■ Exercise goal
Lines from the listing that hold the string "Figure" are what you should return.

■ Supplied material
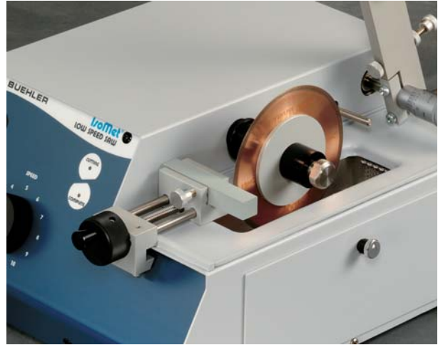
The optional dressing chuck (No. 11-1196) allows dressing of the wafering blade without interrupting the sectioning process.
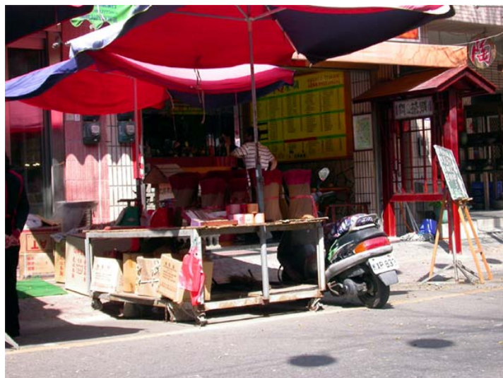
Fig. 2 Incense selling in the street

The traditional incense stores in Taiwan can be divided into two categories: specialty stores and grocery stores. Specialty stores are those that sell only the candles and printed money for ancestor-worship, whereas grocery stores sell different types of household items with a few selections of wares for ancestor-worship. Incense stores vary in their scales, and incense is also sold by mobile vendors or household shops. This makes the incense market more complex and thus incense shops can be seen virtually anywhere (Fig. 2).
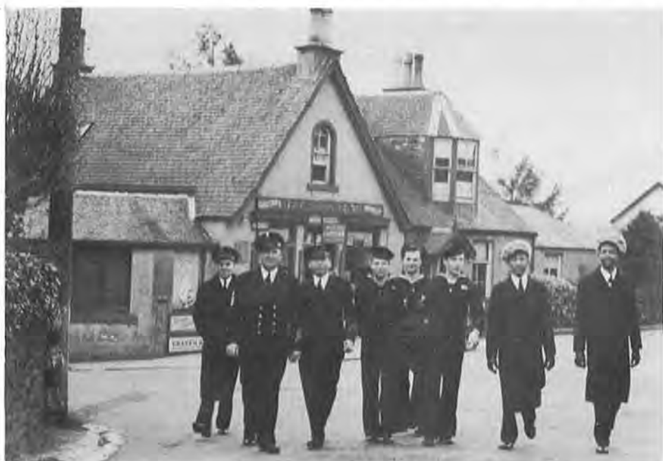
SHORE LEAVE IN SCOTLAND. ( The distinctive uniform of the Coast Guard steward is shown. )

beach patrol operations. Organized in 1942 as outposts and lookouts against possible enemy infiltration of the nation's extensive coastlines, the patrols employed more than 11 percent of all the Coast Guard's enlisted men. This large group included a number of horse and dog patrols employing only black guardsmen. 53 In all, some 2,400 black Coast Guardsmen served in the shore establishment.
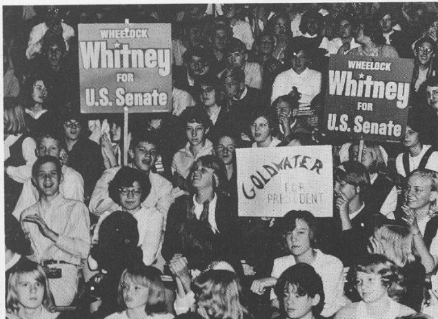
DEMOCRACY IN ACTION
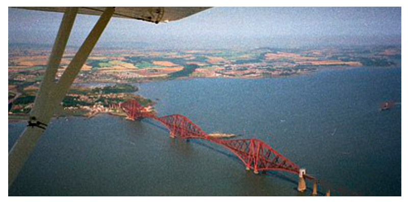
AM Stunning scenery as I remember?

No, weather routed us down the west coast, giving us a great view of the Forth Bridges on departure we headed for Carlisle and a wonderful leg over the Lake District and down to Caernarfon.
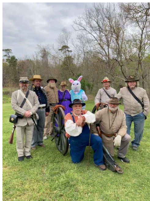
Living Historians pose for a photo around the cannon at Beauvoir.
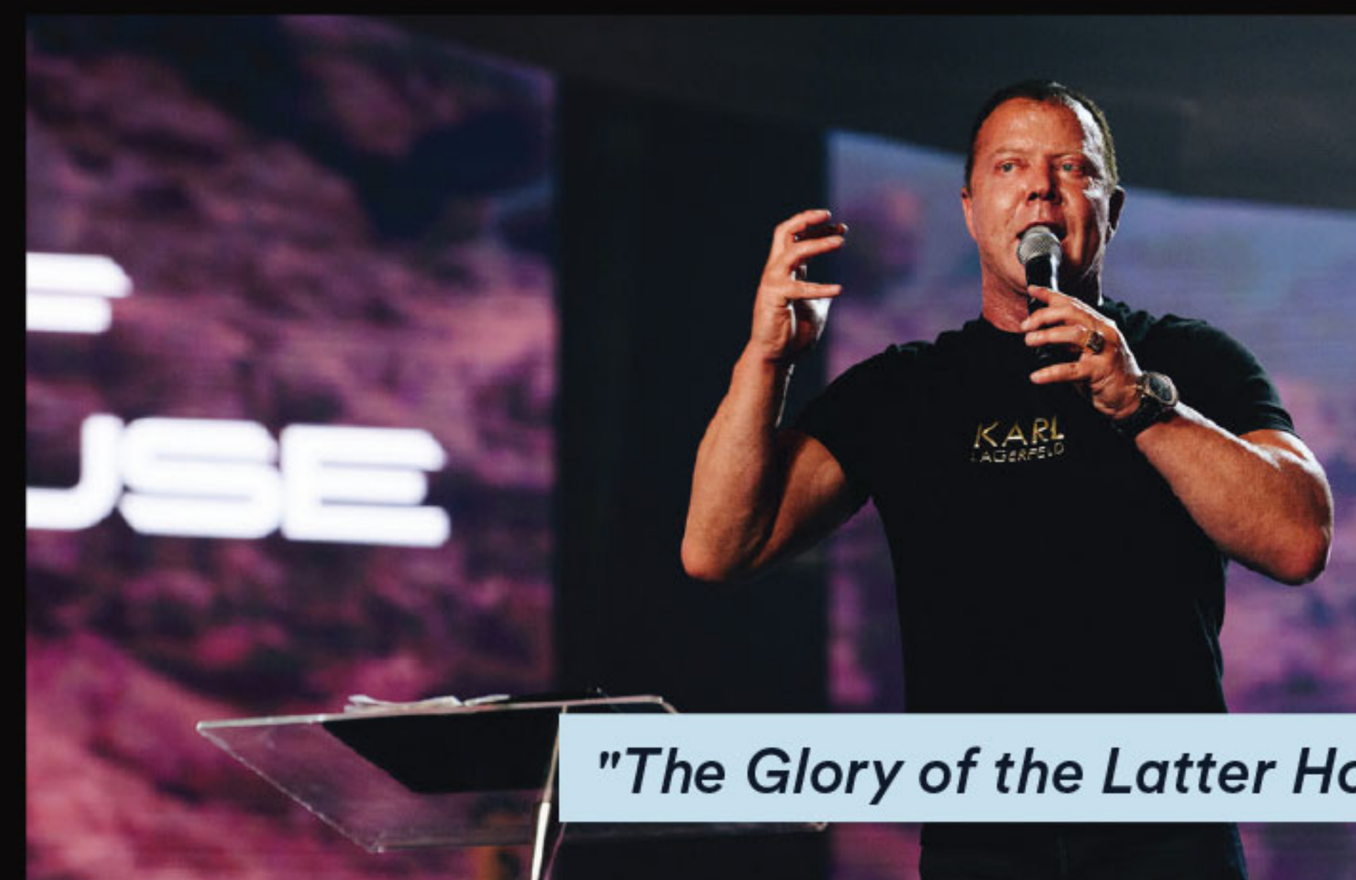
"The Glory of the Latter House"- At Boshoff

Receive this declaration that will empower you to overcome!
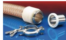
CONNECT TRI-CLAMP FITTING 245
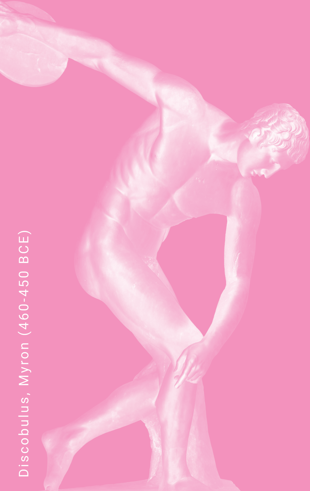
Discobolus, Myron (460-450 BCE)
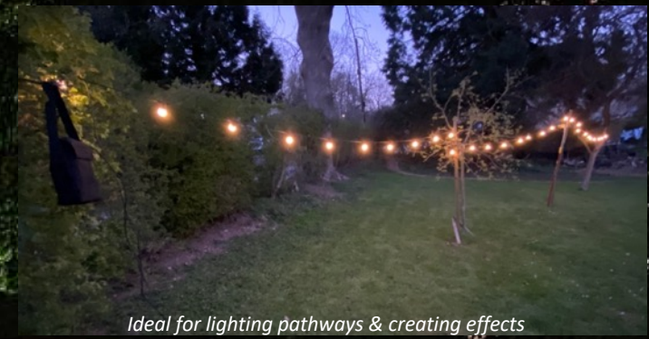
Ideal for lighting pathways & creating effects

Use instead of chandeliers for a marquee party. Also use for market & merchandising stalls
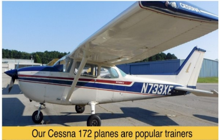
Our Cessna 172 planes are popular trainers

Founded in 2012 at Gwinnett County airport (LZU), the club now has over 60 members of all ages and backgrounds — from student pilots to certified flight instructors — to those who simply enjoy flying.
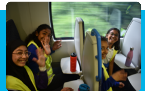
↓ A group of students on the Go Train travel part of their workshop.
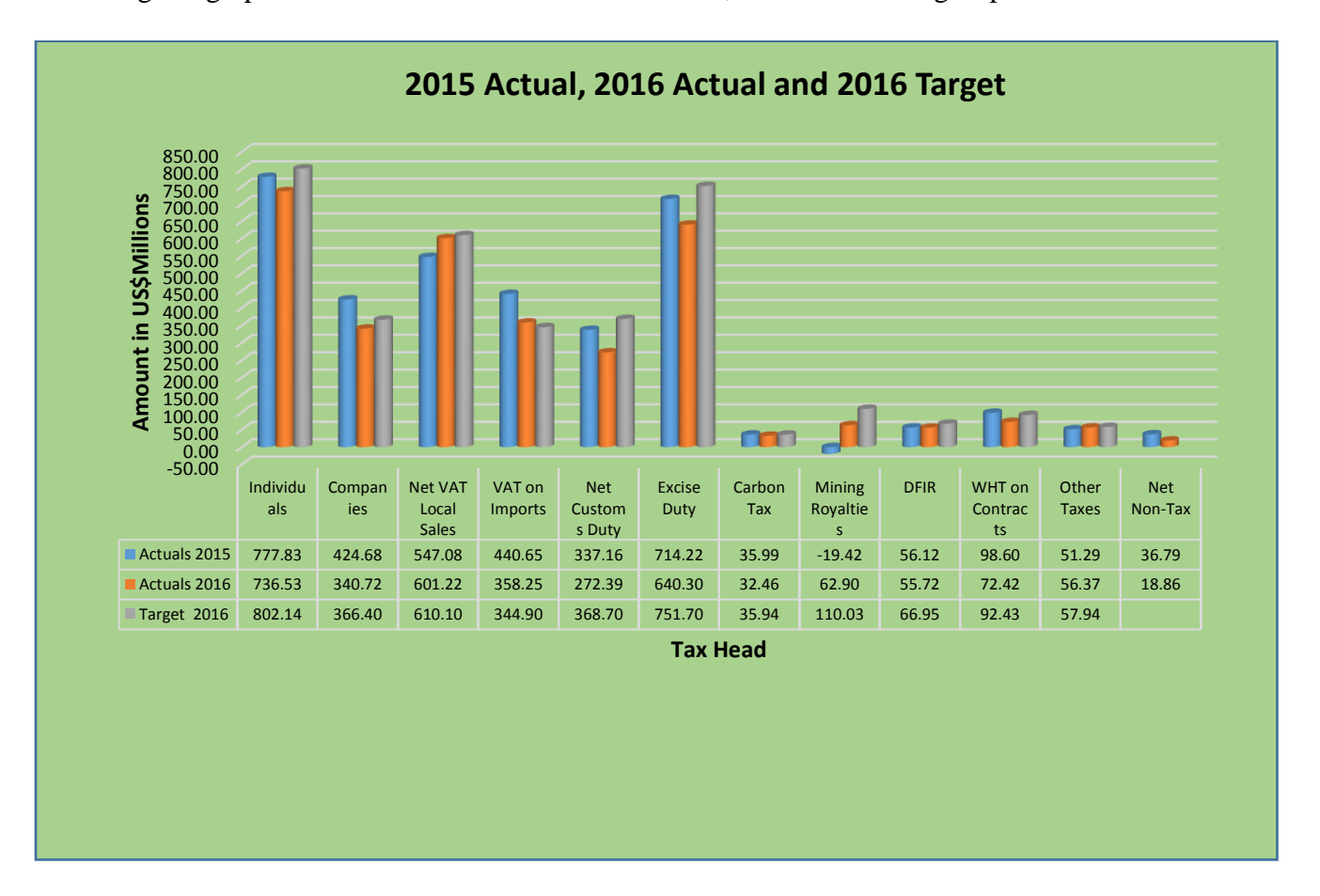
Figure 2: Annual Performance: 2015 Actual, 2016 Actual and 2016 Target

following bar graph shows collections for 2016 and 2015, and the 2016 targets per revenue head.
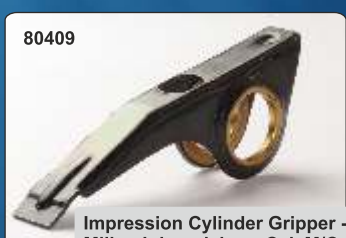
Impression Cylinder Gripper - Miller Johennisberg Cyl. M/C
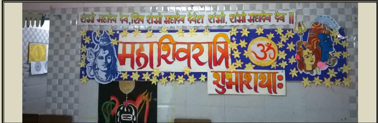
Lobby Board Decoration in the Ground floor on the occasion of Mahasivaratri

Lord Jagadeeshwara at Saandeepany Kailas, where the premises of our Vidyalaya is, is the presiding Deity at Dhyana Nilayam. Mahashivratri was celebrated with great devotion and splendor on the 13 th of February 2018. Archanas, and pujas including Shiva-Parvathi Kalyanam formed part of the celebrations. Throngs of devotees flocked to the temple on this day in order to have darshan of the Lord.
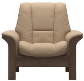
W 94 x H 87 x D 79cm

Stressless Windsor features low back and high back models for comfort and luxury in leather – wide choice of colours. Both adjust to follow your body movements perfectly. The recliner has neck support and a full reclining action.
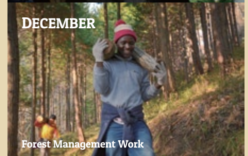
Forest Management Work
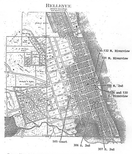
Town sites being nominated with this submission.
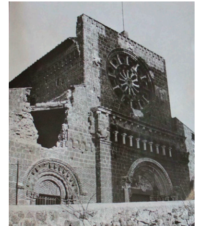
After 1971 Earthquake
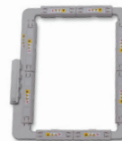
7" x 12" MAGNETIC FRAME SAMF300
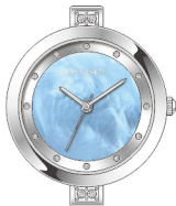
Scale 2 : 1
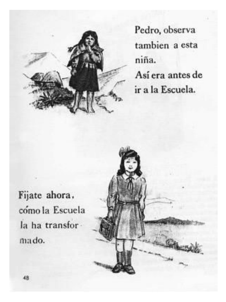
Figure 5: The whitening effects of Indigenous education <sup>61</sup>

just remarkably clean, alas, but also lily white. This racialized permutation is reiterated by textbooks that portray the skin of illiterate children as darker than that of reformed, literate ones.
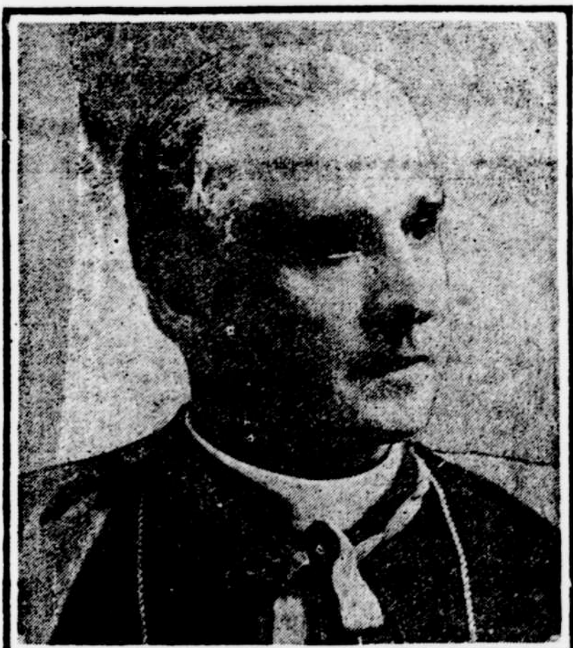
ARCHBISHOP FARLEY OF NEW YORK.

Among the distinguished visitors at the Catholic centennial in New York city was Cardinal Logue of Ireland, who came to America expressly to attend the celebration. The cardinal is archbishop of Armagh and primate of all Ireland. He is a man of most engaging personality and a brilliant orator. On the occasion of his departure from Ireland he said he was going to America to carry greetings to the native sons of the Emerald Isle who were in exile in the new world.
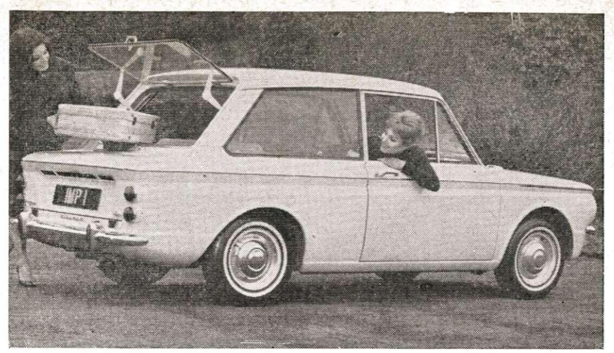
The Imp well fulfils the promise of its design brilliance
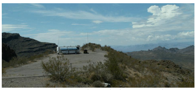
View of Memorial Point looking westward

mountaintop. They were very slow moving, pounding us with lots of rain. It was good that we routinely brought all of the electronic equipment into the motor home at night, because by daylight everything outside was soaked, even leaving a small river running under the motor home.
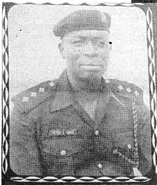
•Photograph of a police officer in one of the buildings that was spared by the invading policemen at Afiesere
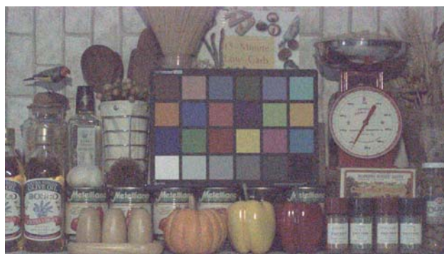
IMX290LQR Internal gain 63 dB

Condition 2: 0 lx (850 nm IR) F1.4 (Full HD image, 30 frames/s)
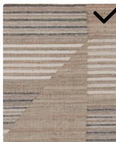
IVNA - IVORY NATURAL
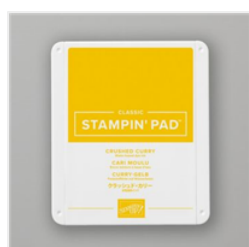
Crushed Curry Classic Stampin' Pad - 147087
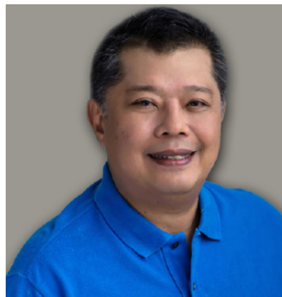
Cavite Governor Boying Remulla
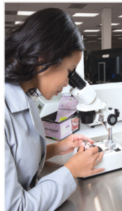
Your prescriptions are filled using best-in-class products such as BruxZir Solid Zirconia, IPS e.max®, Obsidian, Comfort H/S™ Bite Splints and Silent Nite® sl.
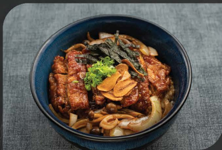
D127 TORI TERIYAKI DON $9.90 Glazed Pan-fried chicken with shrooms on furikake rice
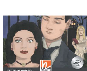
FREE ONLINE ACTIVITIES
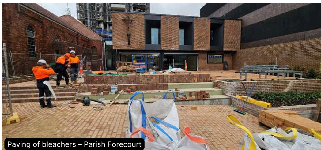
Paving of bleachers - Parish Forecourt
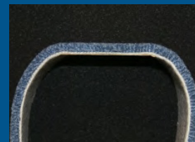
Using Fusion™ System
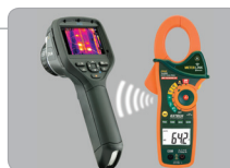
Wireless METERLink™ Communication via Bluetooth®
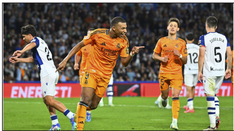
Real Madrid's Kylian Mbappe

SAN SEBASTIAN, Spain - Real Madrid's Vinicius Jr and Kylian Mbappe converted second-half penalties to give the champions a hard-fought 2-0 win at Real Sociedad in La Liga on Saturday.
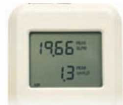
Displays 2 test parameters
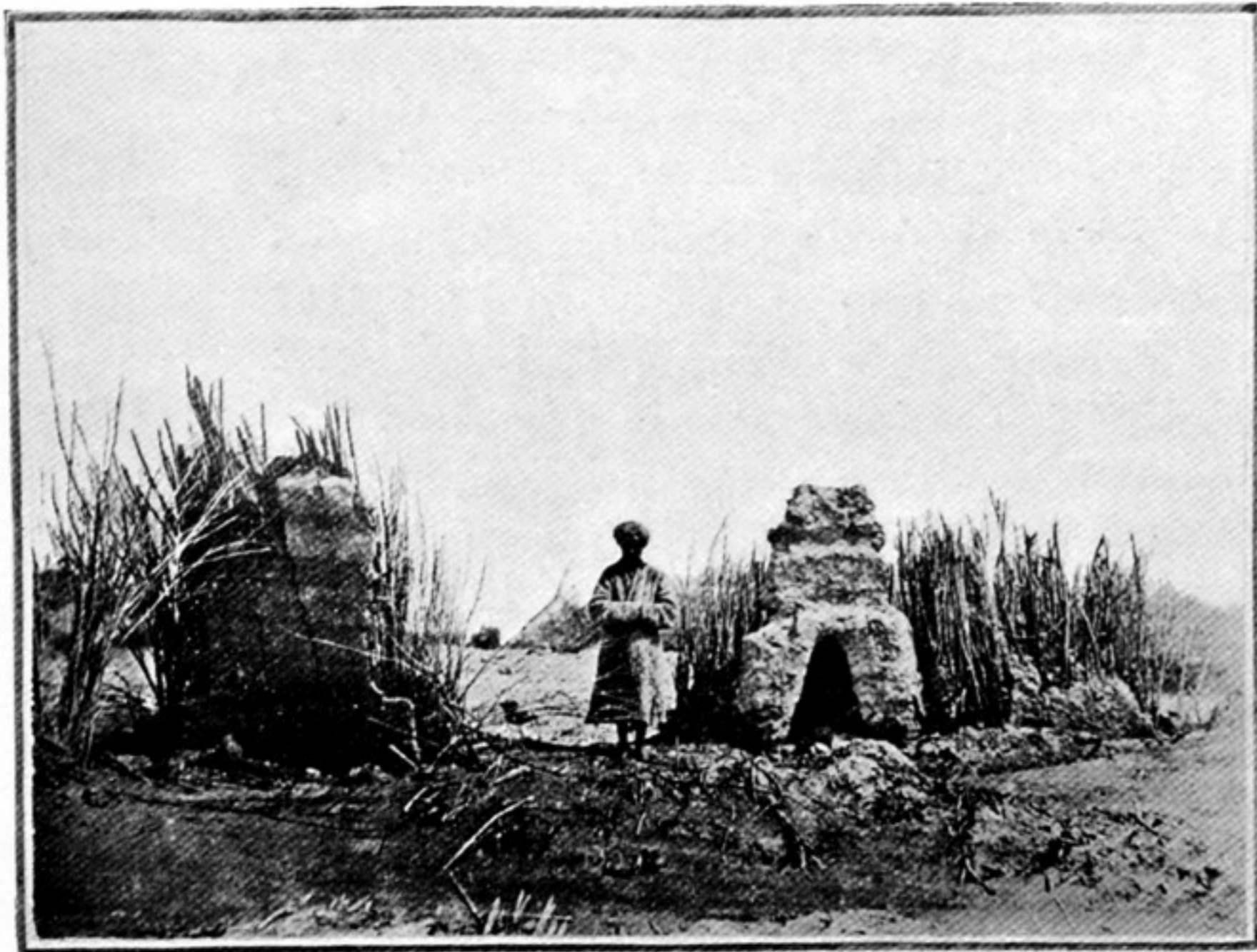
REMAINS OF DESERTED MODERN DWELLING, AT KOBZAGIRAM-SHAH, DOMOKO.
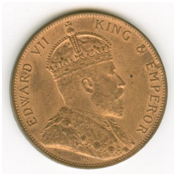
The obverse of the one twelfth fourth of a shilling
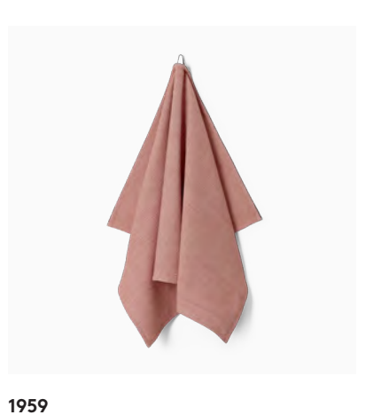
Juniper Red Available sizes: 50x80 cm
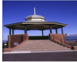
1 band rotunda beach street port melbourne front view apr1998

■ Written response
Figure 2: Annual Performance: 2015 Actual, 2016 Actual and 2016 Target
Figure 5: The whitening effects of Indigenous education <sup>61</sup>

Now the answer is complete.